The Dolan Company (NYSE: DM) announced today that it entered into the Seventh Amendment to its Third Amended and Restated Credit Agreement dated December 6, 2010.
In general, the Seventh Amendment provides the Company with access to its revolving credit facility while the Company and lenders negotiate a term sheet for restructuring the Company’s balance sheet. The Amendment provides that an HIG Capital affiliate, Bayside Capital, Inc., which currently holds participation interests covering a majority of the indebtedness outstanding under the Credit Agreement, can become a lender under the Credit Agreement, and requires the Company and its lenders to agree on a term sheet for restructuring the Company’s capital structure promptly after receipt of a restructuring proposal from Bayside Capital. The Seventh Amendment also temporarily waives the Company’s default with respect to certain covenants and obligations existing or anticipated as of December 31, 2013, reduces the amount available in the revolving credit facility, increases the interest rate on outstanding loan amounts by 2% per year, requires an additional fee equal to 2% of the sum of the outstanding term loans and revolving commitments, and requires the Company to have engaged a chief restructuring officer.
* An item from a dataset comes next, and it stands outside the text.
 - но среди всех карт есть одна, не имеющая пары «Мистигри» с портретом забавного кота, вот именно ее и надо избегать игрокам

As previously announced, the Company appointed Kevin Nystrom, managing director of Zolfo Cooper, as its chief restructuring officer.
The Dolan Company is a leading provider of professional services and business information to the legal, financial and real estate sectors. Its Professional Services Division provides specialized outsourced services to the legal profession primarily through its subsidiaries DiscoverReady and Counsel Press. DiscoverReady provides outsourced discovery management and document review services to major companies and law firms. Counsel Press is the nation’s largest provider of appellate services to the legal community. The company’s Business Information Division publishes business journals, court and commercial media and other highly focused information products and services, operates web sites and produces events for targeted legal and professional audiences in each of the 19 geographic markets that it serves across the United States.
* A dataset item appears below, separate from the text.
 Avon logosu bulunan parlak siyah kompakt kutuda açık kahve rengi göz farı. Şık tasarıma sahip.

Statement Regarding Forward Looking Information
This release may contain forward-looking statements within the meaning of the Private Securities Litigation Reform Act of 1995. Statements that are not historical or current facts are forward-looking statements. Such forward-looking statements include statements using words such as “anticipate,” “expect,” “believe,” “continue,” “will,” “may,” “estimate,” “assume,” “presume,” “pursue,” “outlook,” “plan,” “goal,” “milestone” and similar expressions. Forward-looking statements are subject to risks, uncertainties and other factors that could cause the actual results, performance, prospects or opportunities to differ materially from those expressed in, or implied by, these forward-looking statements. These risks, uncertainties and other factors include, but are not limited to: our ability to fund our ongoing operations, repay our indebtedness, pay dividends on our preferred stock, fund capital expenditures, make divestitures on acceptable terms, and make any acquisitions; our ability to comply with covenants in our debt instruments; our ability to obtain waivers from our lenders of any failure to comply with covenants in our debt instruments or of events of default; our ability to amend our debt instruments in the future; our ability to retain key customers and develop new customer relationships in our litigation support services segment; the possibility that we may have to record significant charges to earnings as a result of impairment of our intangible assets; our ability to retain key personnel; the adverse resolution of a future lawsuit or claim against us; the failure or disruption of our software systems, our document hosting, processing, conversion and review systems, or our website and online networks; the risk that our customers fail to timely pay us for our services, or at all; and the other risk factors described under “Risk Factors” in Item 1A of our annual report on Form 10-K for the year ended December 31, 2012, which we filed with the SEC on March 8, 2013, and those highlighted in our Form 10-Q for the quarter ended September 30, 2013, which we filed with the SEC on November 12, 2013. We undertake no obligation to update any forward-looking statements in light of new information or future events.